С Костиным поравнялся один из них, неся на спине пакеты взрывчатки.
— Что будете минировать? — спросил его Костин.
— Товарищ полковник! — быстро опустив на землю груз и встав по стойке «смирно», четко ответил курсант сержант Большаков. — Нам приказано заминировать мост у села Ильинское!
— Ну и как, будет толк?
— Так точно, будет! Вчера им досталось на Угре! — уверенно ответил Большаков.
Подошел командир роты И. И. Бакун.
— Ваши курсанты тоже стремительно бросаются в контратаки? — поинтересовался Костин.
— Бросаются, товарищ полковник, еще как бросаются! — с жаром ответил Бакун. — Когда мы минировали мост у Юхнова, наскочили немецкие мотоциклисты. Мы встретили их огнем, фашисты стали поворачивать обратно, а курсанты Большаков, Черкасов и другие бросились на них, всех истребили.
Весь следующий день был до предела занят устройством позиций, организацией взаимодействия огня артиллерии и пехоты.

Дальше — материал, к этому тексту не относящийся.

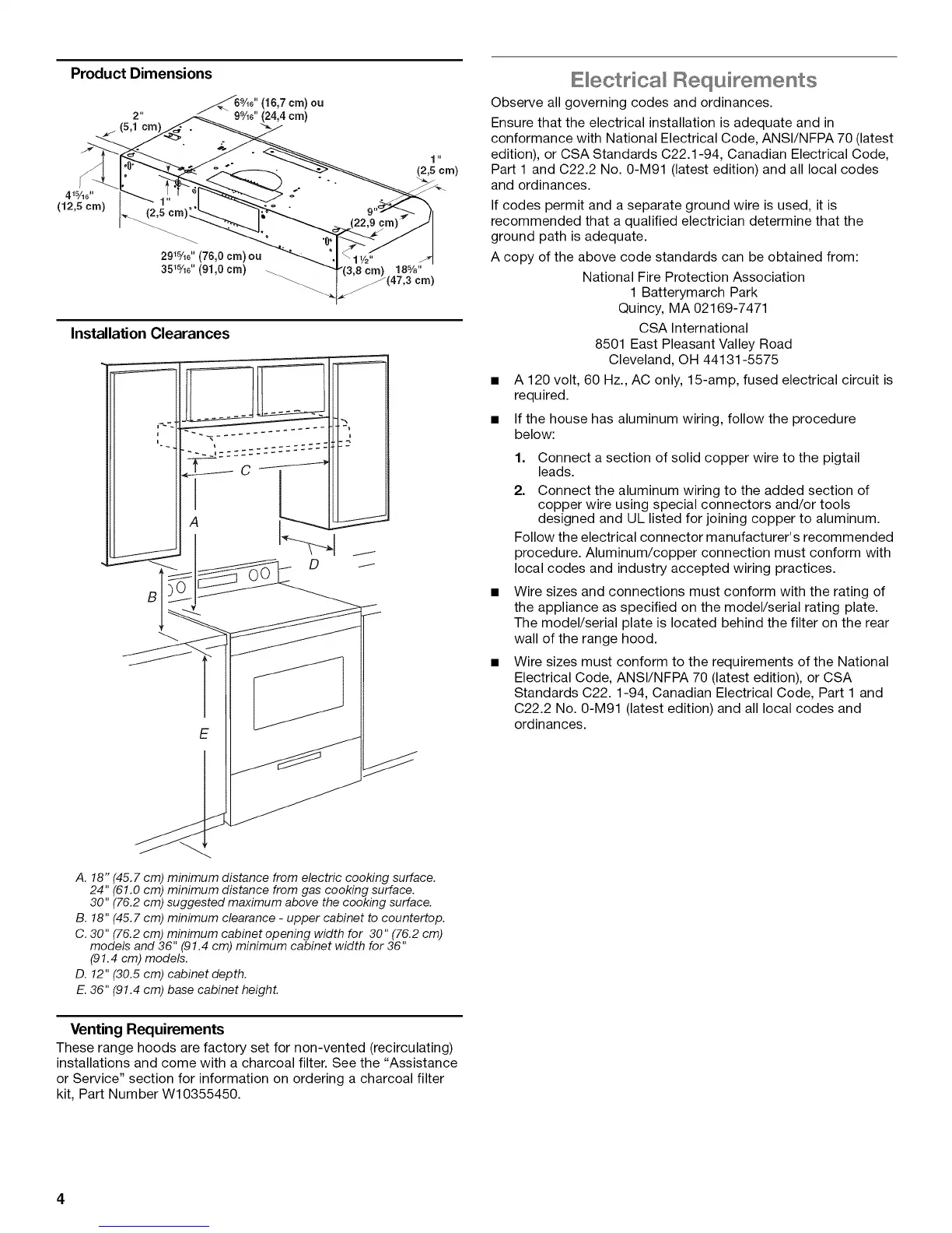 Electrical Code, ANSI/NFPA 70 (latest edition), or CSA

Когда поредевший передовой отряд, прикрываясь огнем артиллерийского дивизиона, медленно отходил к реке Изверь, на его усиление прибыли стрелковый батальон 108-го запасного полка и курсантская рота. Передовому отряду было приказано восстановить положение и с этой целью в 10 часов утра перейти в наступление на Юхнов.

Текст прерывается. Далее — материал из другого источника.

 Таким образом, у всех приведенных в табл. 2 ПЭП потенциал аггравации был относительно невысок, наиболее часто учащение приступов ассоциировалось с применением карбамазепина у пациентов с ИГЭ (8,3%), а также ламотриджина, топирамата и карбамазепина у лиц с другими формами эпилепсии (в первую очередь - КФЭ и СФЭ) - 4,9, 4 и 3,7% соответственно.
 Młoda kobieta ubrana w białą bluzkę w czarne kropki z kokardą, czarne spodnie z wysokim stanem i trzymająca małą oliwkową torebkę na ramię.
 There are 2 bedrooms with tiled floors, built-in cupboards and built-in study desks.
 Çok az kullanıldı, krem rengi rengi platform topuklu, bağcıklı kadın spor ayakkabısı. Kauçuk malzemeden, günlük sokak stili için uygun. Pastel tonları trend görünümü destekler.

Точно в указанное время подразделения передового отряда при поддержке двух батарей артучилища приступили к действиям. Настроение у бойцов приподнятое. Решительно атаковали фашистов курсантские роты пехотного училища, стрелки запасного батальона. Артиллеристы сопровождали их огнем и колесами, расстреливая шрапнелью и осколочными снарядами отступающих вражеских пехотинцев.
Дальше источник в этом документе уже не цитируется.